While I hated her in the moment. I realize now, that she was doing what she was doing, because she loved me and didn’t want to have a part in my relapse or overdose. It was the hardest thing that she ever had to do. I finally did the work.
I went to a residential treatment after detox, and completed partial hospitalization and intensive outpatient. I got a sponsor and got involved in certain recovery groups. After inpatient, I went to sober living because my mother told me I couldn’t come home. I realize now, that I wouldn’t have stayed sober if I lived with her.  We knew how to push each other’s buttons because we installed them!  
 
My name is Rachel, and I am a heroin and meth addict in recovery.
I got sober on August 1, 2014. I have over four years sobriety and have an apartment with another sober member of my community. I am a recovery coach, as well as a behavioral health tech at the treatment center, that I was a patient at.
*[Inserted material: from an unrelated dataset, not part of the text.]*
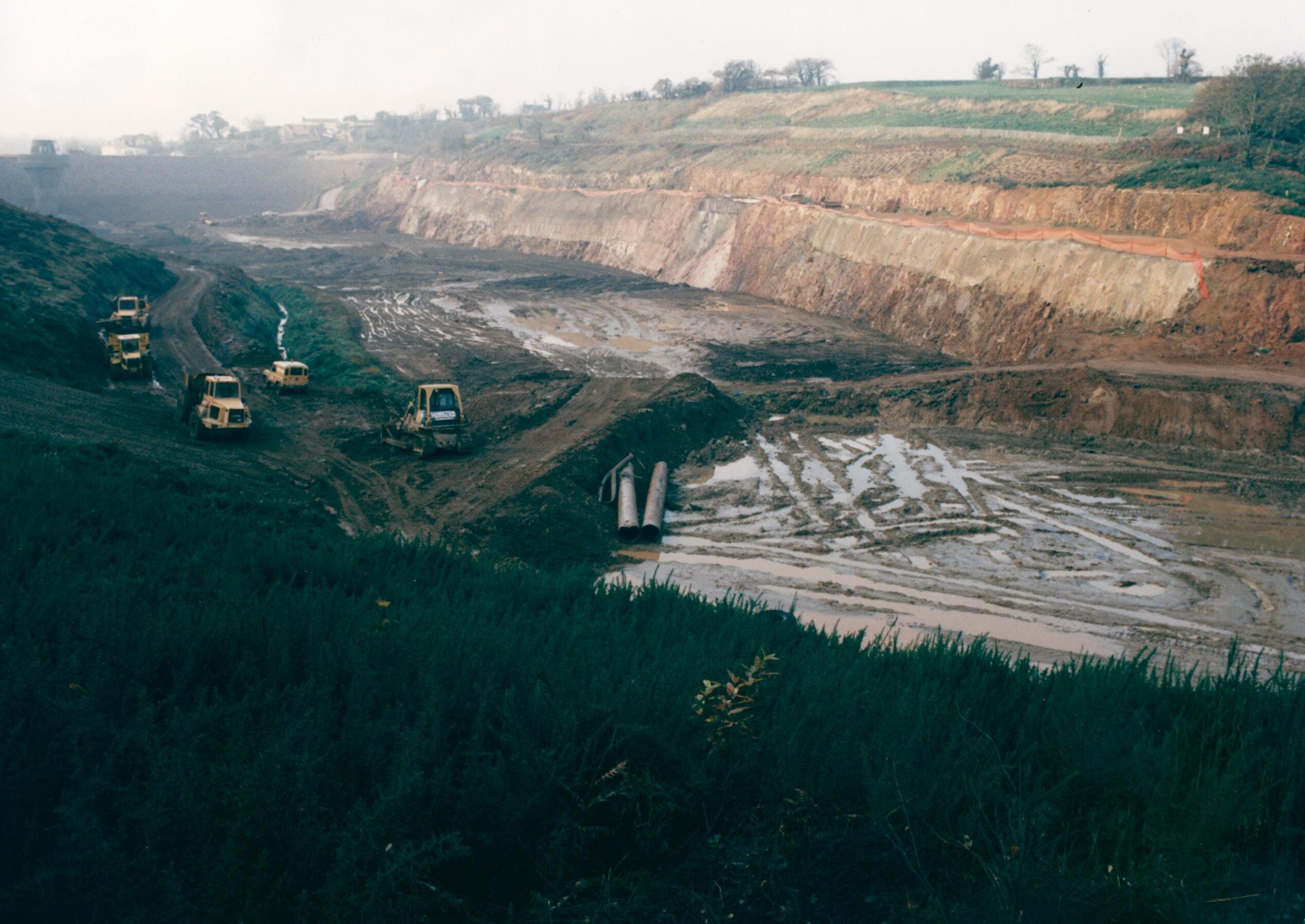 On the 6th April 1989 a contract was awarded to Sheppard Hill Ltd to construct a Rockfill embankment dam, incorporating a bituminous concrete core as the water proof membrane. Only six months into the contract, the contractor was declared en-desastre and work was halted. After much negotiation, the contract was re-let to MJ Gleeson Ltd. Unfortunately MJ Gleeson would not take responsibility for the works undertaken by Sheppard Hill Ltd and consequently, much of the original works had to be demolished.

I am a success story. I am proud of the woman that I have become, and I have learned to love my character assets as well as my flaws. However, I didn’t do this all alone. I had my sober community, I had a treatment center to go through, and I had my family. It’s a beautiful life.
 
I don’t want to tell you that it’s perfect, because it can be a mess sometimes. Currently, my mother and I are not on speaking terms. It hurts because I continued to do the work and she stopped going to all of her support groups and doing work on herself. This is a family disease, and old behaviors can pick up whether or not the alcoholic or addict is currently using substances. However, I have hope, and I continue to take the values and tools that PAL gave me to let her have her own experience. 
 
I am so grateful to be a part of my recovery groups, and I am so grateful that PAL has become a part of my family and recovery.  Most of all, I am grateful that my family had PAL to help them stand during a time that my tornado of destruction was trying to knock them down. Today I am proud to be a heroin addict, because all my struggles brought me closer to God and to my family and my friends.